Transcribe the listing in full, excluding any pictures.
[[ Material provided, beginning ]]
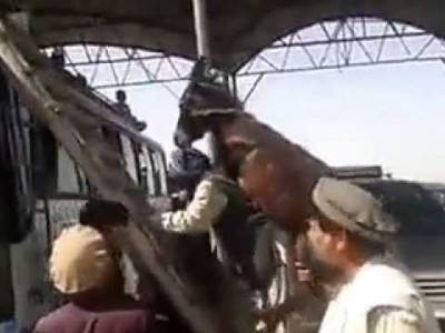 رجل يحمل حمار على ظهره و يصعد به فوق اتوبيس
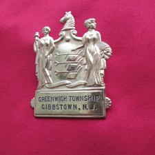 Antique Obsolete GREENWICH Township, GIBBSTOWN, NJ Large Gold Police Hat Badge
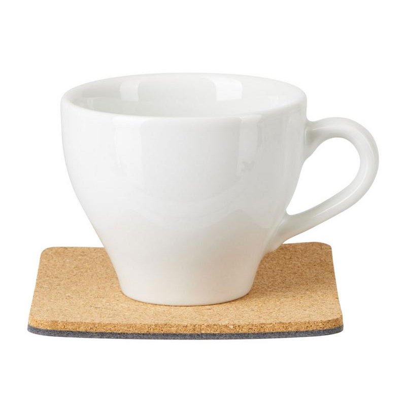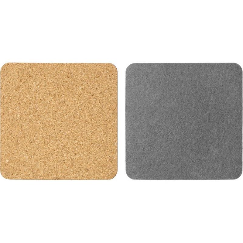 Четыре квадратных костера, выполненных из фетра и пробки. Благодаря выбору материалов посадка стаканов — мягкая и бесшумная: и пробка, и фетр заглушают звук, безопасны и для посуды, и для поверхности стола, защищая от механических повреждений и загрязнения.
[[ Material provided, end ]]
- **Solution to this problem**
 رجل يحمل حمار على ظهره و يصعد به فوق اتوبيس
 Antique Obsolete GREENWICH Township, GIBBSTOWN, NJ Large Gold Police Hat Badge
 Четыре квадратных костера, выполненных из фетра и пробки. Благодаря выбору материалов посадка стаканов — мягкая и бесшумная: и пробка, и фетр заглушают звук, безопасны и для посуды, и для поверхности стола, защищая от механических повреждений и загрязнения.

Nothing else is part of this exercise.